Logistics and Explanations – My Own Little Whitepaper

I’ve received many requests to explain the logistics of the trip as it’s planned thus far. So, I wrote this post for all of you who want to know more about me and my reasoning for this trip. I’ll try to make this quick and short for easy reading!

A statue in Hagi, Yamaguchi, JapanWhat is it?

Location: Japan. Specifically around Shikoku, then to Kyoto, and then from there to Tokyo and back to Kyoto.
Distance: Around 2,500 km (1,500 miles)
Budget: Roughly 550,000円 ($5,500)
Departure Date: March 1st, 2011
Arrival Date: Between July 1st and July 20th
Distance per day: Between 15km/day and 20km/day (7 miles/day and 14 miles/day)

Why do it?

I touched on this with the mission statements. There are really a few goals.

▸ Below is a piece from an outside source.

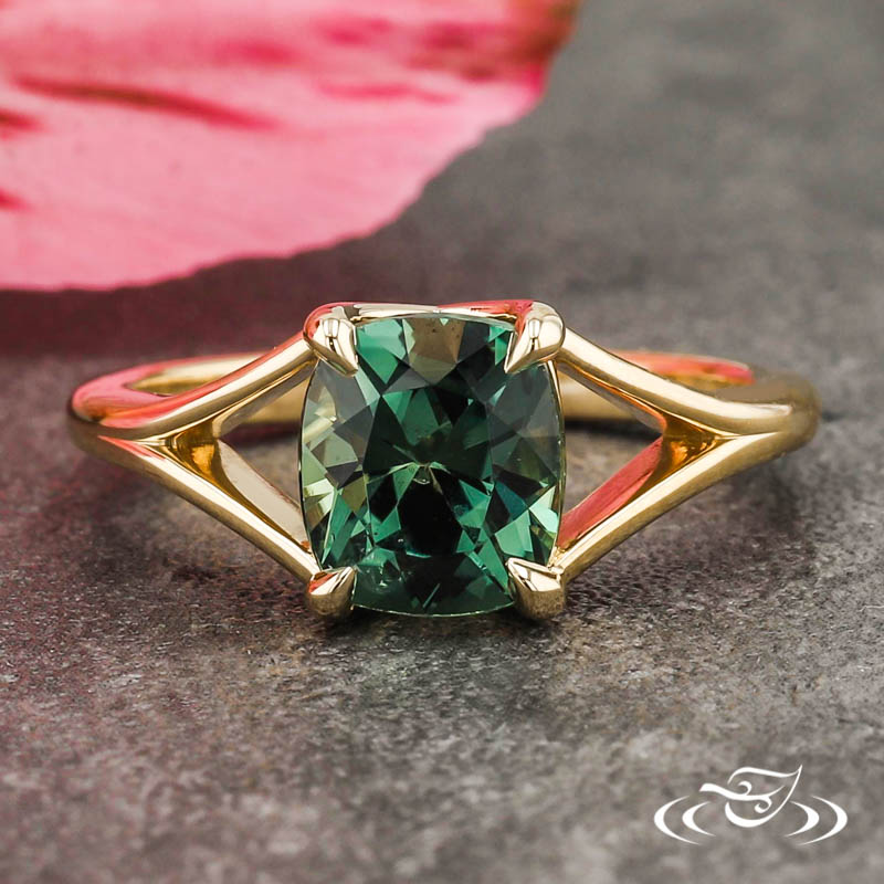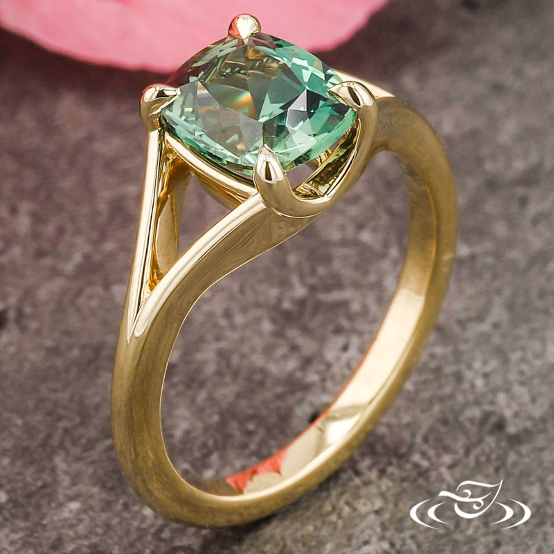 Custom 14kt yellow gold ring holding a 4-prong set customer provided cushion sapphire center stone. This ring also has a split shank and a high polish finish.

  • To help other people – This entails finding every possible way I could help people from helping people I know to random acts of kindness. I’m not trying to save the world with this trip, simply trying to be more spontaneous with compassion.
  • To prove I can do it – I want to prove to myself that it is possible, and along with this I want to prove to others the same goal. It isn’t the longest hike ever, or even the longest hike in Japan. However I believe it is unique in it’s goals and configuration. That uniqueness is key. Instead of doing exactly as someone else has done before, I’m tweaking things I’ve seen from the past to fit my dream.
  • To provide a path for others - I want this trip to be  in writing, on video, and on Twitter. From there, I want to give others the chance to create their own unique journey and enable those dreams as much as I can.
  • To work on my Japanese - One of my goals in life is to become fluent in Japanese and French. My Japanese has steadily worked up to conversation level, and I want to take it much further than that!

Any other questions?

I hope that makes a few things clear. If anyone has anymore questions, I would love to answer them! My next few posts will be more about my research and a more thorough essay on enabling the dreams of others. I will keep this one open to editing if anyone has any ideas of what I should add! I look forward to hearing from you!


  1. jeannetto

    I was thinking the other day if you considered how many more calories you’ll need to consume b/c youre walking all day. If you want to build muscles and not become emaciated. What do you plan on eating everyday!?

    • Krijali

      That’s a very good question. I’ve read estimates that 3000 calories is good if you want to gain muscle while backpacking. And that gets much bigger the higher the altitude change (Mt Fuji!! bwaaaaa!) But I haven’t figured that out yet. Obviously I need something healthy and full of calories. A good mix of raw nuts would be perfect – yet that’s impossible to find in Japan. hmm, I’ll have to think about that.

  2. jeannetto

    Aww, I was hoping you wouldnt be depending on a bag of granola and snacky (albeit healthy) food! I think you should map out places to eat and maybe cook a lot of rice. I dont eat meat, but some chicken or yaki niku every other day sounds good. I feel like you could easily become undernourished and tired. It’s hard b/c there isnt a lot of choice here, but you dont want to be depending on packs of peanuts and onigiri. Learn to gut a fish this summer! (BTW, camping plans are on their way…)

    • Krijali

      Yeah you have a good point. Granola is full of nutrition but it’d be a lot better with protein. I’m trying to come up with the most economic and natural way to go about this trip. boiling my own rice would take too long though. I need high calorie and high protein food. Real granola, jerkey, fruit and veggies would be ideal but that’s impossible here. I would love to learn how to gut a fish though, that’d be so useful.